Plastic annealing process
The purpose of plastic annealing is to eliminate internal stress. For example, in the area where the thin and thick parts meet, the cooling of the thick part is slower than that of the thin part, causing the joint to shrink unevenly. As a result, there is stress concentration in the area. This phenomenon is more obvious around metal inserts. If annealing is not performed, cracking or even deformation may occur in the stress concentration area after a period of time. Annealing method: Usually, the product is immersed in hot oil, hot water, or cycling hot air. The annealing temperature is adjusted according to the type of the plastic, but usually, it is 10-20°C lower than the product’s thermal deformation temperature, or the product will deform. However, the temperature should not be too low either, or the desired effect will not be achieved.

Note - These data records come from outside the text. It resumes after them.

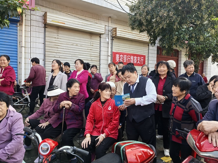 精彩的演艺节目吸引了众多村民来到现场,工作人员借此契机,为老人们普及金融知识、送上暖心服务,通过发放宣传折页、观看反诈视频、面对面讲解等多种形式,向老人们讲解针对老年人诈骗的多种骗局及相关案例。手把手教老人如何辨别真假币,让老人们提升安全意识,防范风险,为金融安全建设添砖加瓦。
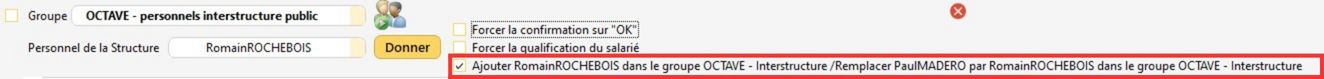 Si l'option "Forcer la qualification du salarié" est cochée, le receveur conserve sa qualification principale (celle inscrite par défaut dans sa fiche personnel) et non celle du donneur.
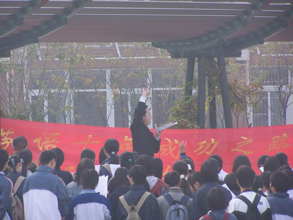 10月29日清晨6點10分到7點40分,由外國語學院承辦的中國計量學院站瘋狂英語晨讀操練會在湖畔廣場舉行。本次活動的主題是《口語突破四級作文必備句型》,是由李陽瘋狂英語杭州高校部主辦的大型晨讀系列活動之一。
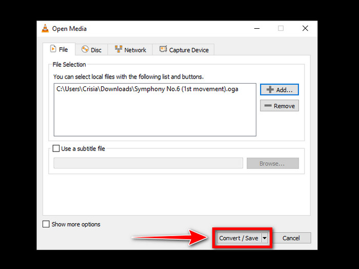 Step 1Go to media at the top of VLC's interface and select the Convert/Save option. Then, click the Add button to import your OGA file.
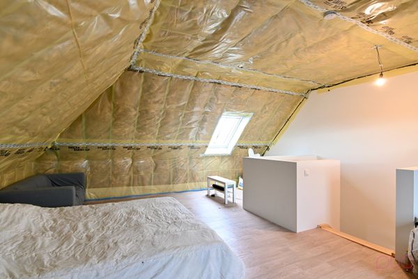 Vinyl vloer, af te werken dak (gyproc afwerken), ventilatie, mogelijkheid tot zolderberging en 2 slaapkamers

Annealing conditions for several common plastics are shown in the table below:
|Plastic||Agent||Temperature (°C)||Product Thickness (mm)||
|PS||Air or Water||60-70||<6||30-60|
|PSU||Air or Water||160||<6||60-180|
Moisture Conditioning of Plastic Products
Moisture conditioning of plastic products is mainly for polyamide (nylon) products. After storage for a period of time, products made from this raw material will deform and expand due to absorption of moisture in the air, thus resulting in size change. Therefore, after a nylon product is molded, it should first be immersed in 100-120°C water or potassium acetate solution, to keep it isolated from the air. The immersion time is determined according to the wall thickness and the shape of the product. Then, take the product out after the temperature is slowly lowered to the room temperature.